**Task instructions:**
Your copy should start at the line with "培养出的物理师为代表,对北美" and end at the line with "4.57(2.57,8.12) | <0.001 |" in the data below. Transcribe only those lines, exactly, pictures excluded.

**Dataset entries:**

···

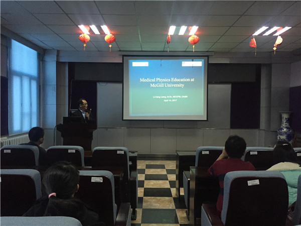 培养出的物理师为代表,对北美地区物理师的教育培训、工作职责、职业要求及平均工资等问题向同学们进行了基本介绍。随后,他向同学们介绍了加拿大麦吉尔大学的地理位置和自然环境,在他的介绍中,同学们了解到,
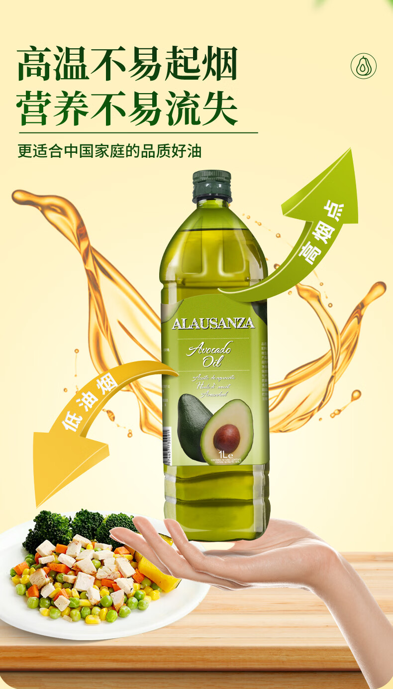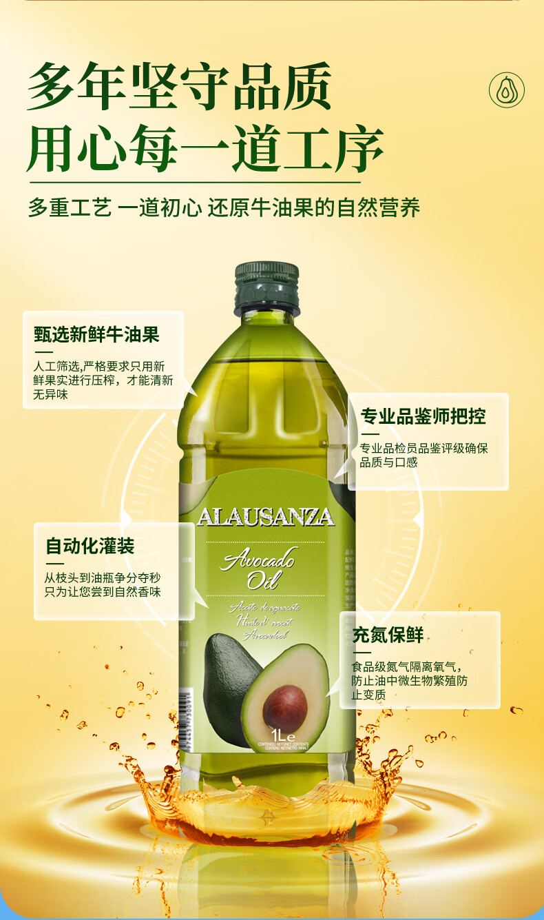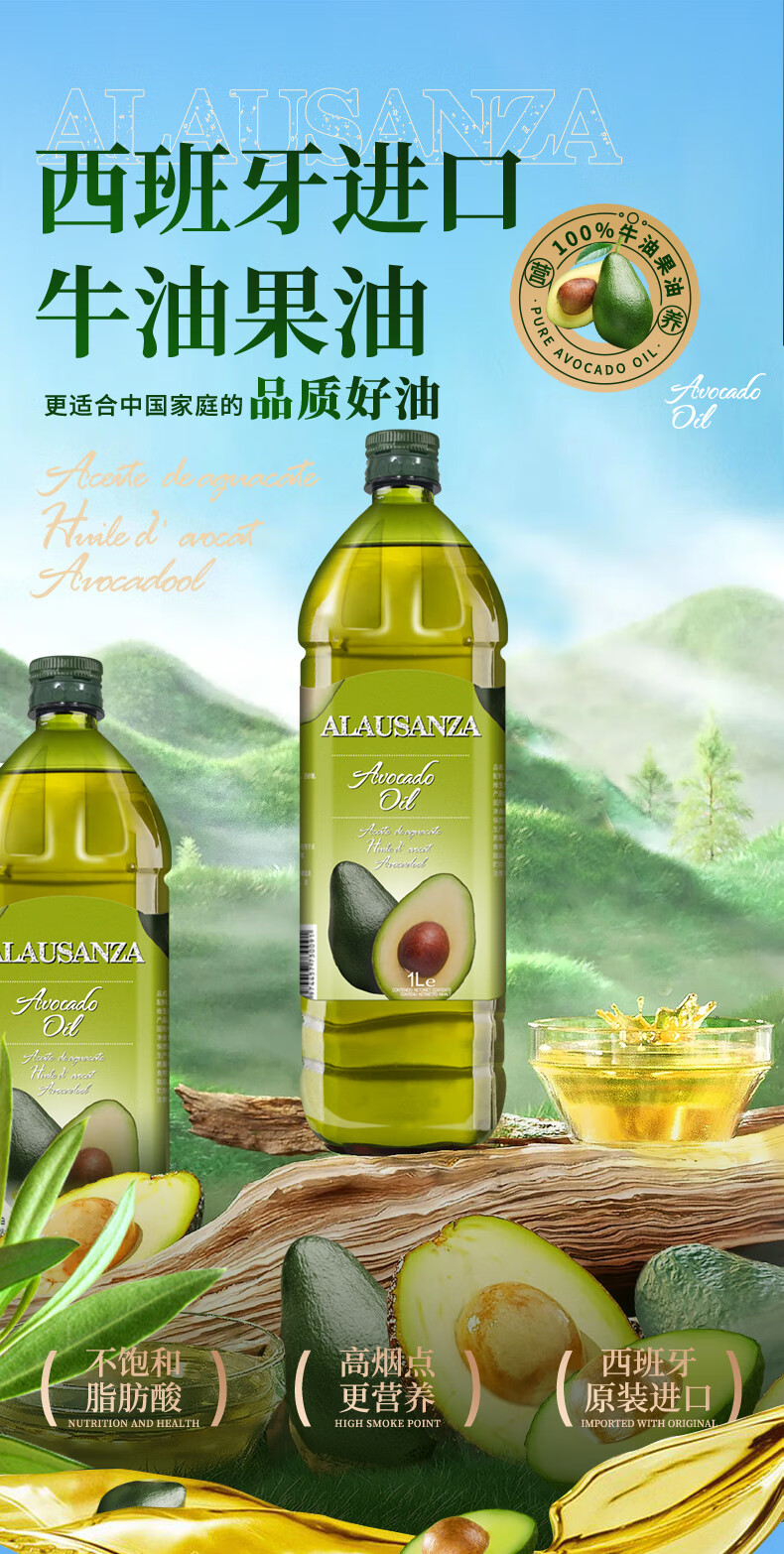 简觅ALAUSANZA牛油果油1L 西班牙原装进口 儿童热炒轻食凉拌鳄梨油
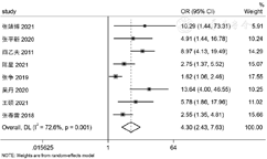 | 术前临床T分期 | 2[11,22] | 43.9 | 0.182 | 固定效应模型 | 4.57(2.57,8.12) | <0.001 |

···

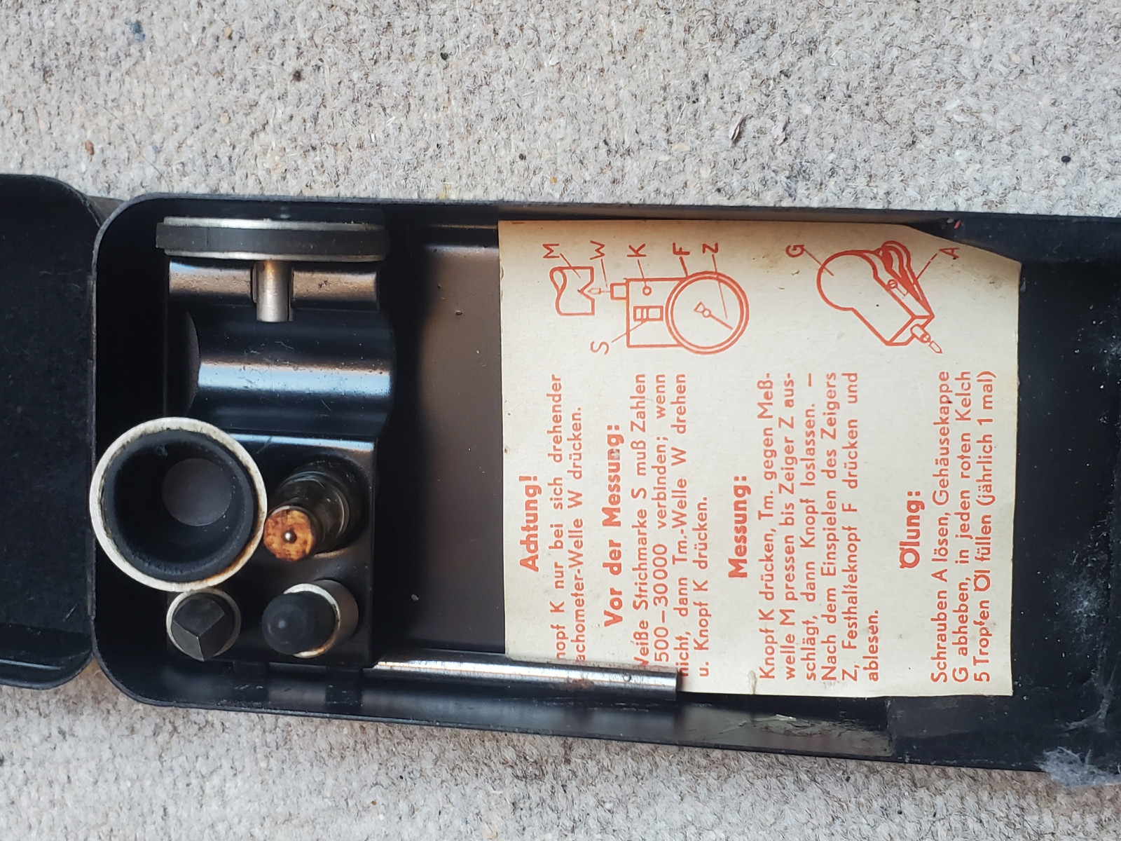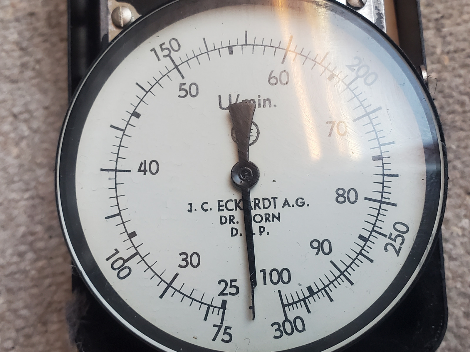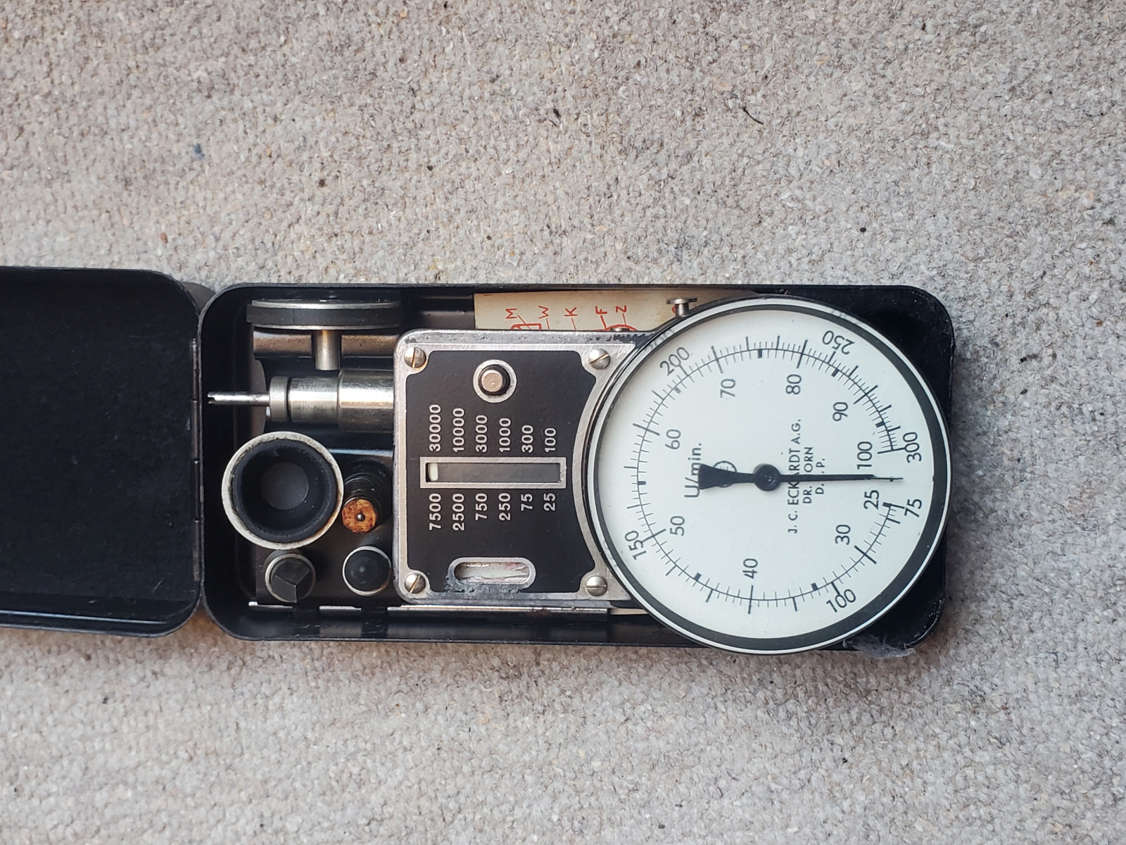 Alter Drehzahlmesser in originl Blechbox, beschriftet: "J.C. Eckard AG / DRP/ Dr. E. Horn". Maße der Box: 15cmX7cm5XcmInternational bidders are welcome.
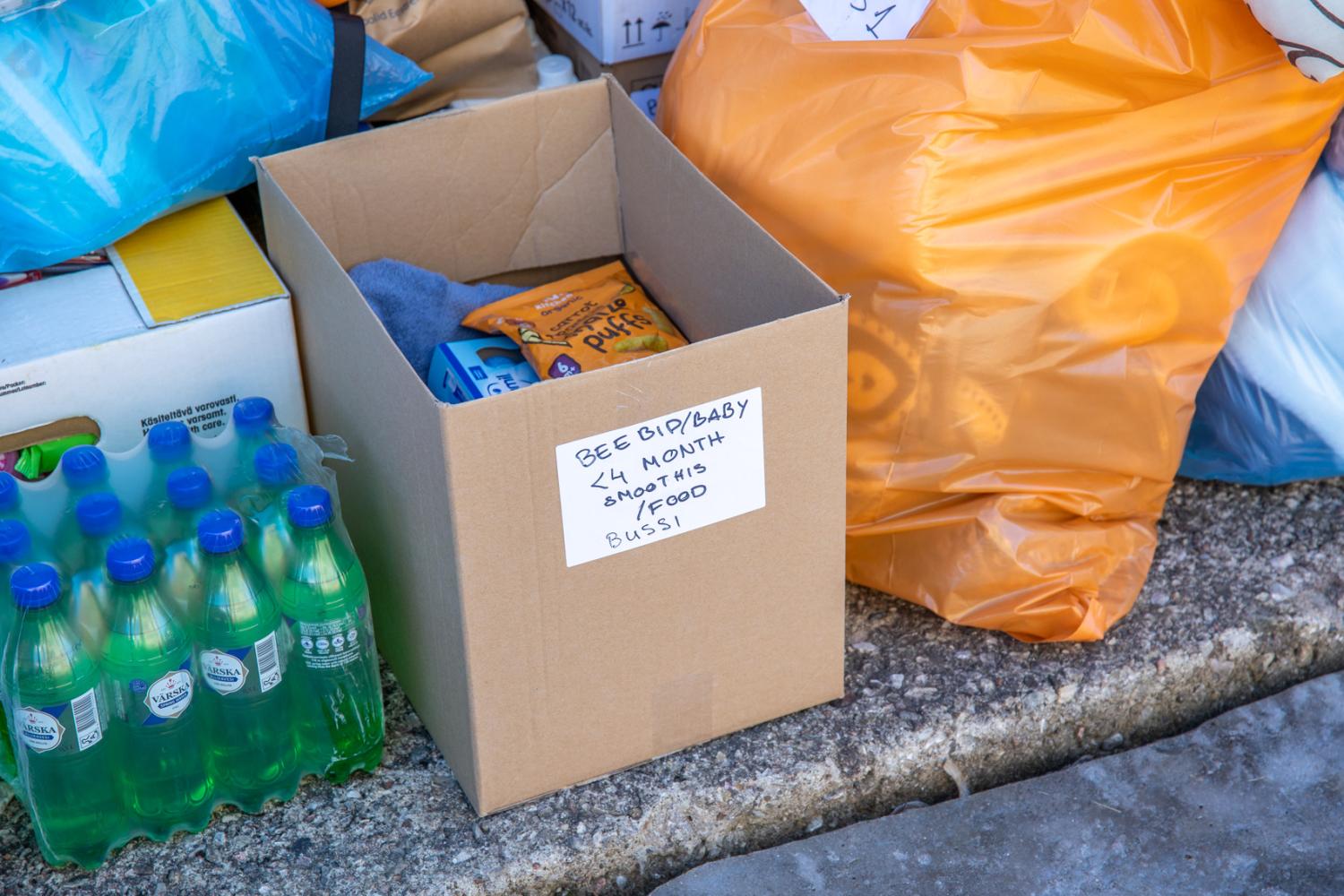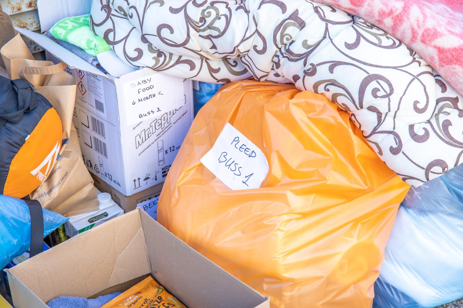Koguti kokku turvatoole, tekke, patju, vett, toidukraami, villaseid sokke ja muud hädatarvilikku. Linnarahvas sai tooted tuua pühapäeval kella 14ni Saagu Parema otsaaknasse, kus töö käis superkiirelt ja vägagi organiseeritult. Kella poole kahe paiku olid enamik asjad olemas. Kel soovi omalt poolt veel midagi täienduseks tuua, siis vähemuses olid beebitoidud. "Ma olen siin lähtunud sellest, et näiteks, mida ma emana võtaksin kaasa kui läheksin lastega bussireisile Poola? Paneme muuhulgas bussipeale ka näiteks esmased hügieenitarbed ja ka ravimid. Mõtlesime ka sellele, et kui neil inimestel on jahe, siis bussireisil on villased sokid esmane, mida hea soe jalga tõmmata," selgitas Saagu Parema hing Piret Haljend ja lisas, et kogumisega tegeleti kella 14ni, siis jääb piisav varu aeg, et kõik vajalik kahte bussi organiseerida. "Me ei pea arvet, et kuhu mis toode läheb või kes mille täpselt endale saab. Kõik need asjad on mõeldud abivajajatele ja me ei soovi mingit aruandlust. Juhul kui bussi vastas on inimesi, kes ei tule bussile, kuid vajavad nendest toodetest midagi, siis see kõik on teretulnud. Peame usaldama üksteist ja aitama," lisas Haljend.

···

**Task output:**
 培养出的物理师为代表,对北美地区物理师的教育培训、工作职责、职业要求及平均工资等问题向同学们进行了基本介绍。随后,他向同学们介绍了加拿大麦吉尔大学的地理位置和自然环境,在他的介绍中,同学们了解到,
 简觅ALAUSANZA牛油果油1L 西班牙原装进口 儿童热炒轻食凉拌鳄梨油
 | 术前临床T分期 | 2[11,22] | 43.9 | 0.182 | 固定效应模型 | 4.57(2.57,8.12) | <0.001 |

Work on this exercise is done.